All but one of last seasons chosen swims were determined by their distance from the car park. The first, we called it the “sheep dip”, had definitely not had any angler attention, there being not a blade of grass out of place. On close inspection, we were thrilled to spot three good barbel that we estimated to weigh approximately 9lbs, 12lbs and 13lbs. In the same swim was a big sleepy carp, well over 25lbs and several chub of varying size, one of which we referred to as a “bloody hell, bloody hell” chub. I’m sure most anglers will recognise that description, it happens during one of those double-take moments when you can’t quite believe your eyes; we couldn’t put a number on it, it was that huge.

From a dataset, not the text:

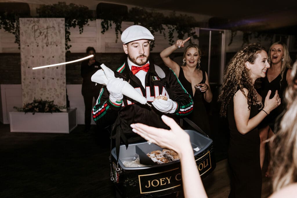 Yes, you read that right. Joey shows up to your reception, cannoli cart around his neck and dances his way around the party as he fills cannolis on demand. It’s hilarious, delicious and the vibe you didn’t know your wedding needed until now. Guests have the best time ever and the photos are gold.

Our first day on this swim was largely passed tea drinking and bird watching, our attention taken by a peregrine hunting way up in a late August sky and It was mid-afternoon before we lowered a boilie into the swim and settled back in eager anticipation. The bite came almost immediately and although we didn’t see the culprit, the bend in the rod and the ferocity of the initial run, pointed to the carp. The next bait found a bream, and then, in comparison to the big fella, a small chub of 5lb 8oz and finally the smallest of the three barbel, which weighed 9lbs10oz confirming our estimations.

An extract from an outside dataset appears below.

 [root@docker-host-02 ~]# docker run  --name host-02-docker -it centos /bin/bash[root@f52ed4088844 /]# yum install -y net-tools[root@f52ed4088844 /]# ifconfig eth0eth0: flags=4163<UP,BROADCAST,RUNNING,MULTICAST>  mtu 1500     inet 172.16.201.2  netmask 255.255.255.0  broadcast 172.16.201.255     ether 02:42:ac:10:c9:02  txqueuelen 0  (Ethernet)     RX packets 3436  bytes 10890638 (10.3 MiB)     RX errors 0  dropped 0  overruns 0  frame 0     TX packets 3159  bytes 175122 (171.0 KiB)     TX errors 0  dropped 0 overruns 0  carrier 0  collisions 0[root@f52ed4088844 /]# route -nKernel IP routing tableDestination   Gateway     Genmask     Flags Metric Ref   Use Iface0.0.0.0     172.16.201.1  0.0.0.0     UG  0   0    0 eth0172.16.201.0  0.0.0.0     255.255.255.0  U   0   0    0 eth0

I would like to report the capture of the two bigger barbel and indeed the chub, but we couldn’t induce them to feed, despite changes in bait and tactic. They remained tantalisingly close, skulking just beneath the surface water crowfoot. Finally, humiliated by defeat having persevered for weeks, we limped away, vowing not to return until next year. Instead, we went upstream to an old favourite swim of Trev’s, where a shallow run drops into a deepening pool of some repute.
Over the next few sessions, I caught bream, a few chub and two stunning barbel of 10lbs 10oz, and 12lbs 4oz and lost another double at the net. One other swim, into which we had thrown a few baits, lay in a small meadow and was crying out for further exploration. Remarkably, it too had seen little attention and despite my being sceptical of its credibility as a barbel swim, just into darkness the net was slipped under another beauty of 11lbs 12oz. We vowed to spend more time there next season, especially as my final double, a fish of 11lbs 4oz, came from the same swim a week later.

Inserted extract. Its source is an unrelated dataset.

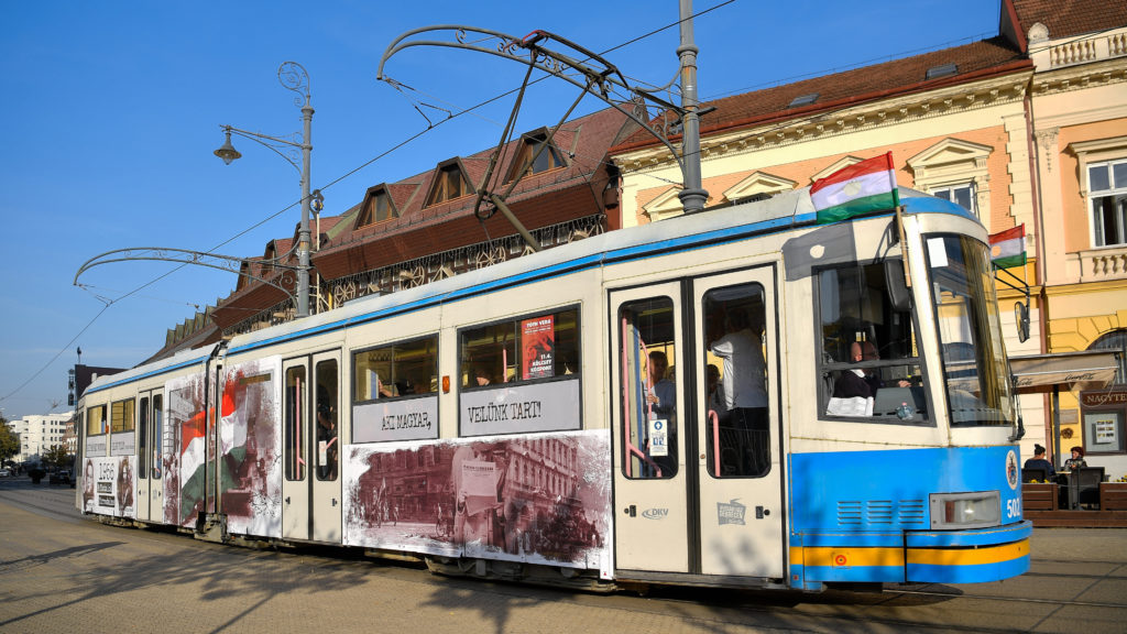 In Debrecen fährt eine Strassenbahnlinie ganz im Zeichen der revolution. Die Straßenbahn ist eine Kuriosität, die die Stadt vor der ungarischen Revolution vor 63 Jahren ehrt.
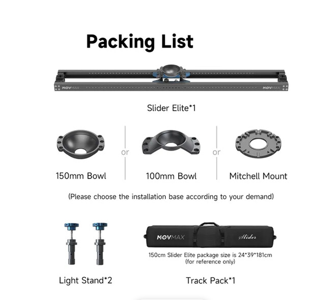 El MOVMAX Slider Elite 47" es un resistente slider de aluminio para cámara con una recorrido de 47,2" y un carro con fijación Mitchell, capaz de soportar hasta 55,1 lb de carga gracias a su sistema de deslizamiento manual continuo basado en fricción, con control de freno y amortiguador. El paquete incluye dos adaptadores para trípode de 5/8" y una funda de transporte para grabaciones profesionales in situ.

An impromptu session, grabbed after a couple of hours of centre-pin tuition for my little brother, just about topped off my season. I hadn’t fished this particular swim for several seasons and had only chosen to out of nostalgia. I decided to show it one of Dick’s boilies, which, on my second cast, snared what we initially took to be a barbel and which fought like one for about 20 seconds.
However, when what could have been initially taken for a grass carp, save for its big white lips, slipped over the rim of the net, we gasped in unison. Both Trevor and I shared PB chub of 6lb 12oz and we knew that this one was something a bit special. We gave my brother a shout; there was a strong possibility that none of us would witness another of its size in our lifetimes and when, along with our nerves, my scales settled on 8lbs 1oz, I was fairly convinced that we wouldn’t! She lay in the shallows at our feet, recovering with her head to the current for some seconds and we agreed that, even at over 8lb she was still outsized by the “bloody hell, bloody hell” chub we hadn’t dare put a number on. The urge to return to the river next morning, was outweighed by my anxious preoccupation with verification of scale accuracy, I needn’t have been concerned, the weight stood.
The Avon barbel’s powerful, pugnacious, obstinate and unrivalled determination in combat would test the abilities of most anglers, all in all not a bad season. Roll on next year.